::: DATA :::

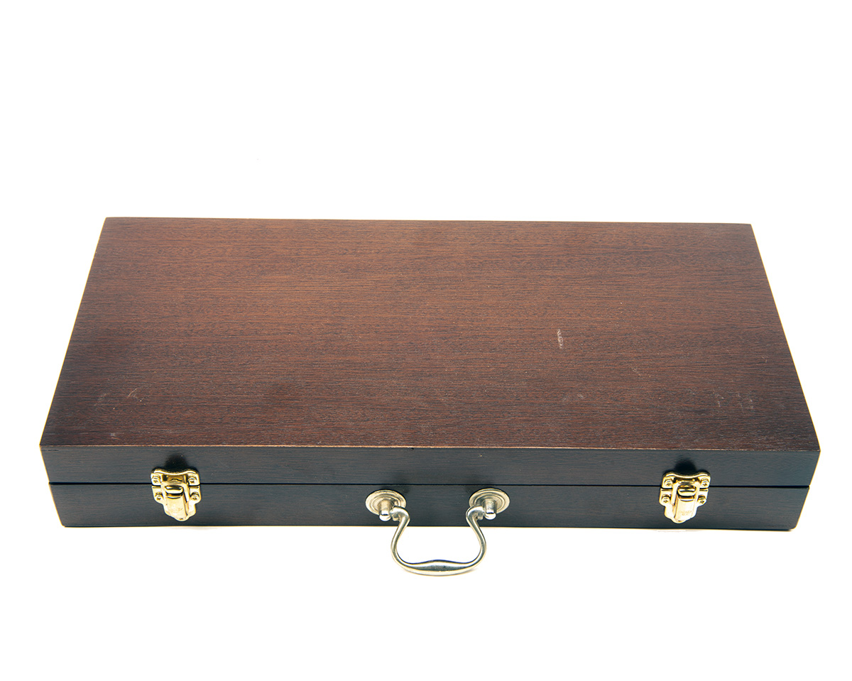 comprising of a two-piece cleaning rod, 12-bore snap-caps, oil bottle, choke gauge, mop, jag, brush, presented in a green baize-lined case
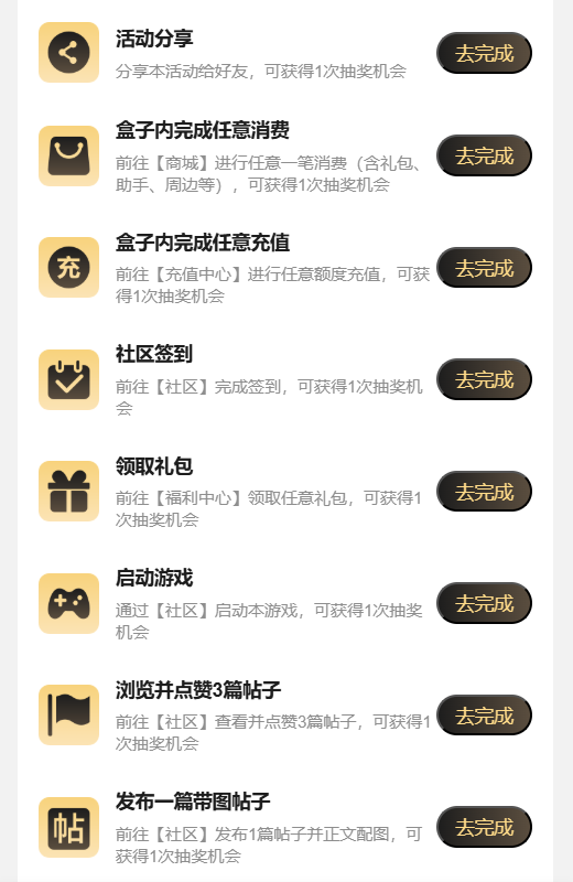 *注意:任务将在每日0点刷新;当日活动的抽奖次数将于次日0点清空,请及时使用,以免造成不必要的损失。
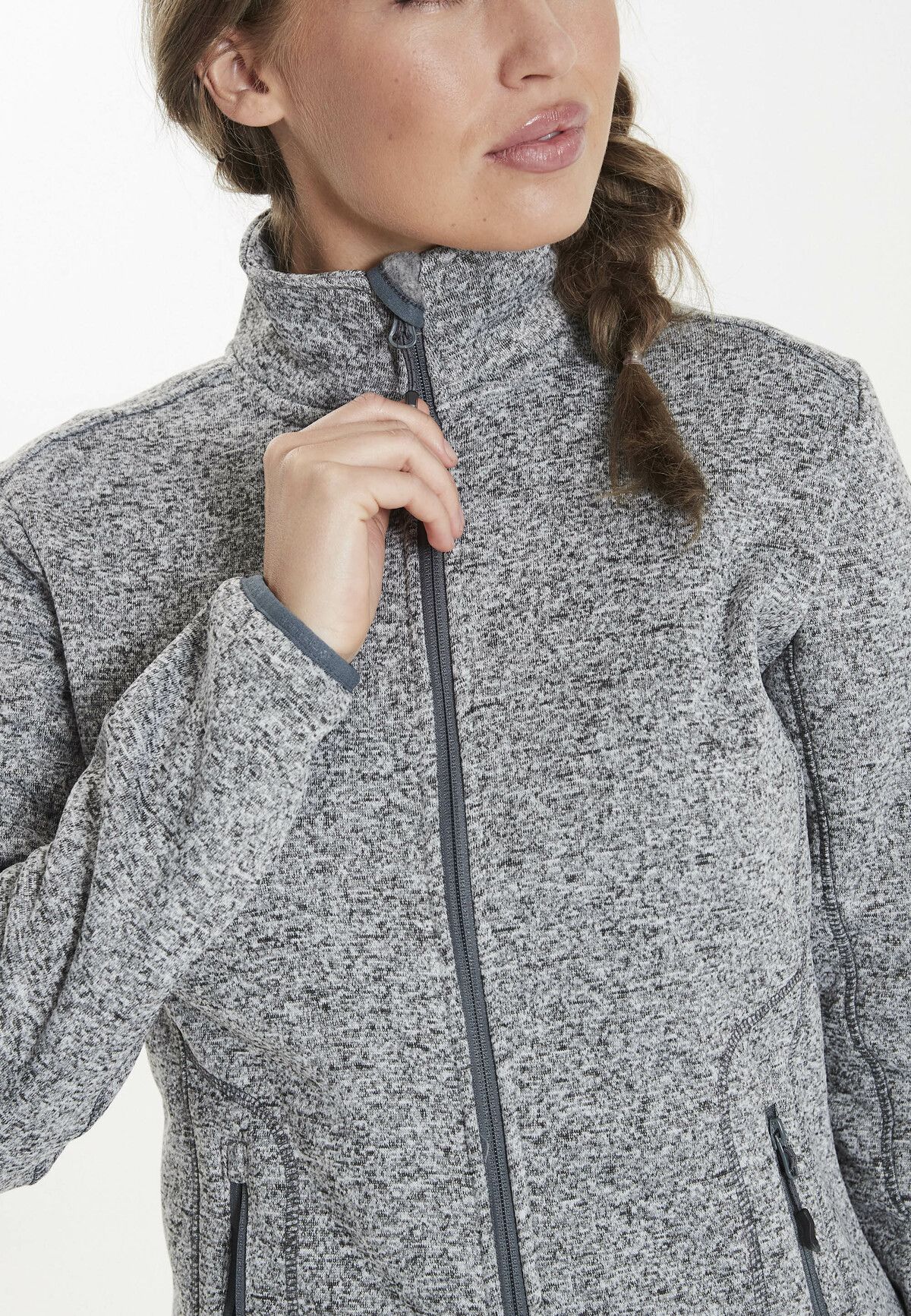 The SAMANI W Melange fleece jacket for women by WHISTLER from Denmark is versatile for sport and everyday use. The understated and sporty design from Scandinavia can be combined quickly and in many different ways. The slightly warm fleece made of mottled polyester is breathable and quick-drying. The high stand-up collar provides pleasant protection from wind and drafts. Fine cuffs on the sleeves and hips, side zip pockets and a durable full-length zip with chin guard round off the package harmoniously. The sporty SAMANI W Melange fleece jacket by WHISTLER also offers a great price-performance ratio!

:::

§ INSTRUCTIONS FOR THE TASK
An exact copy of every line above is needed, without the images.

§ EXPECTED ANSWER
 comprising of a two-piece cleaning rod, 12-bore snap-caps, oil bottle, choke gauge, mop, jag, brush, presented in a green baize-lined case
 *注意:任务将在每日0点刷新;当日活动的抽奖次数将于次日0点清空,请及时使用,以免造成不必要的损失。
 The SAMANI W Melange fleece jacket for women by WHISTLER from Denmark is versatile for sport and everyday use. The understated and sporty design from Scandinavia can be combined quickly and in many different ways. The slightly warm fleece made of mottled polyester is breathable and quick-drying. The high stand-up collar provides pleasant protection from wind and drafts. Fine cuffs on the sleeves and hips, side zip pockets and a durable full-length zip with chin guard round off the package harmoniously. The sporty SAMANI W Melange fleece jacket by WHISTLER also offers a great price-performance ratio!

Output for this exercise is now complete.